Erneut ist die Uni Regensburg mit einer Botschaft, die sich gegen das Militär richtet, beschmiert worden. Den Schriftzug „Bundeswehr raus“ entdeckte ein Student am Montagnachmittag auf dem Unigelände.

Bei dem beschmierten Gebäude handelt es sich um das Gebäude der Fakultät für Wirtschaftswissenschaften zwischen dem Vielberthgebäude und dem zentralen Hörsaalgebäude.

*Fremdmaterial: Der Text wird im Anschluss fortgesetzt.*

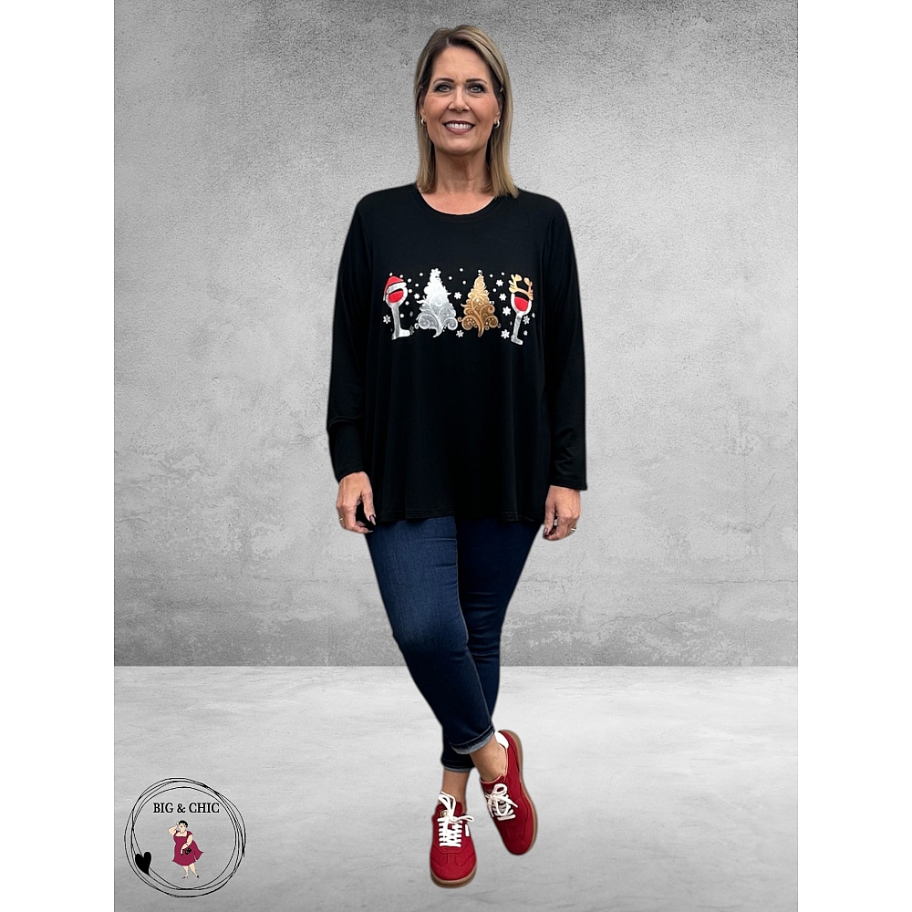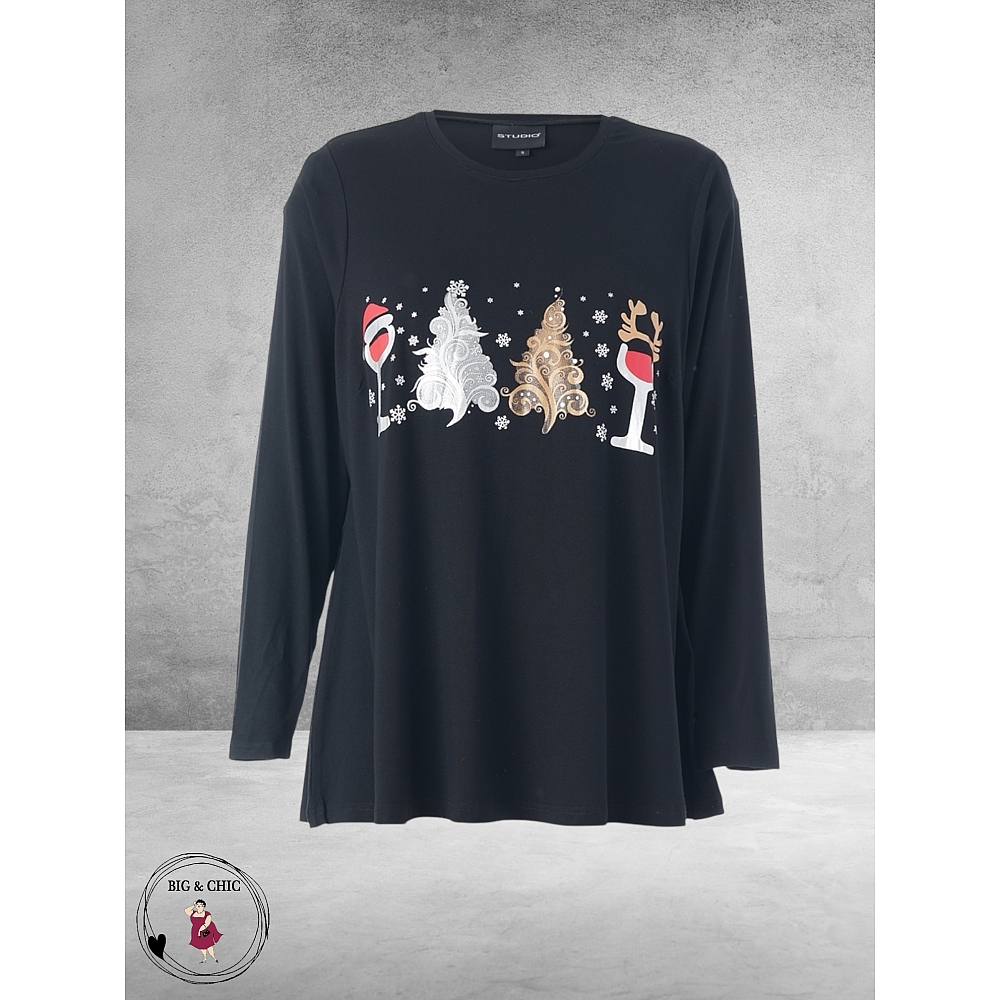 Studio Shirt Hakima – Feestelijk Shirt met Kerstprint, Lange Mouwen en Ronde Hals

Die Uni ist nicht das erste Mal von Vandalismus dieser Art betroffen. Allerdings ist der Ort, an dem die Schmiererei angefertigt wurde, neu.

Nicht der erste Vorfall

Auffällig ist, dass der Schriftzug erneut in roter Farbe und in Großbuchstaben angebracht wurde. Bereits im Januar entdeckte ein Student solche Schmierereien an der Verbindungsbrücke zwischen dem Audimax und der Zentralbibliothek. Damals forderten die Verunstalter „Militär raus aus der Uni“ und „Klassenkampf statt Wahlkampf“.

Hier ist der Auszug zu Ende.